O ministro da Economia argentino, Axel Kicillof, é visto em 30 de julho de 2014. Foto: © AFP/STAN HONDA (O ministro da Economia argentino, Axel Kicillof, é visto em 30 de julho de 2014. Foto: © AFP/STAN HONDA)
O ministro da Economia argentino, Axel Kicillof, é visto em 30 de julho de 2014. Foto: © AFP/STAN HONDA
A Argentina e os fundos especulativos não chegaram a um acordo pela disputa em torno de sua dívida soberana, disse nesta quarta-feira o ministro da Economia, Axel Kicillof, depois de dois dias de discussões em Nova York e da declaração de um default seletivo por uma agência de classificação de risco.

"Tentavam nos impor algo que era ilegal. A intenção era forçar uma situação ilegal. A Argentina está disposta a dialogar, a chegar a um consenso. Vamos buscar uma solução justa, equitativa e legal para 100% de nossos credores", disse Kicillof ao se referir às negociações pela sentença de um juiz federal americano a favor desses fundos.

A Standard & Poor's declarou a Argentina em "default seletivo" nesta quarta ao fim do prazo final para que pagasse 539 milhões de dólares a credores que possuem bônus reestruturados nas trocas de 2005 e 2010. Esse dinheiro foi enviado pela Argentina a Nova York, mas bloqueado pelo juiz Thomas Griesa até que sua sentença fosse cumprida.
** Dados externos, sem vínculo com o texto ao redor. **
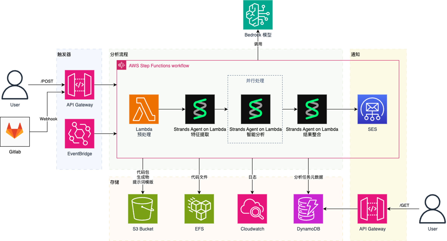 事件驱动触发:当代码文件上传到 Amazon S3 时自动触发分析流程,支持批量处理和增量分析。

O anúncio foi feito quando ainda não tinham terminado as negociações em Nova York entre o governo argentino e os fundos especulativos, que exigem 1,33 bilhão de dólares por bônus não pagos de 2001, de acordo com a decisão de Griesa.

"Vamos pagar os que têm bônus em default, mas sob condições razoáveis, não sob condições extorsivas, sob pressão, sob ameaça", insistiu Kicillof, ressaltando que a Argentina defenderá as "bem-sucedidas" trocas de sua dívida soberana, aceitas por 92,4% dos detentores dos títulos com remunerações de até 70% do valor nominal dos títulos em default em 2001.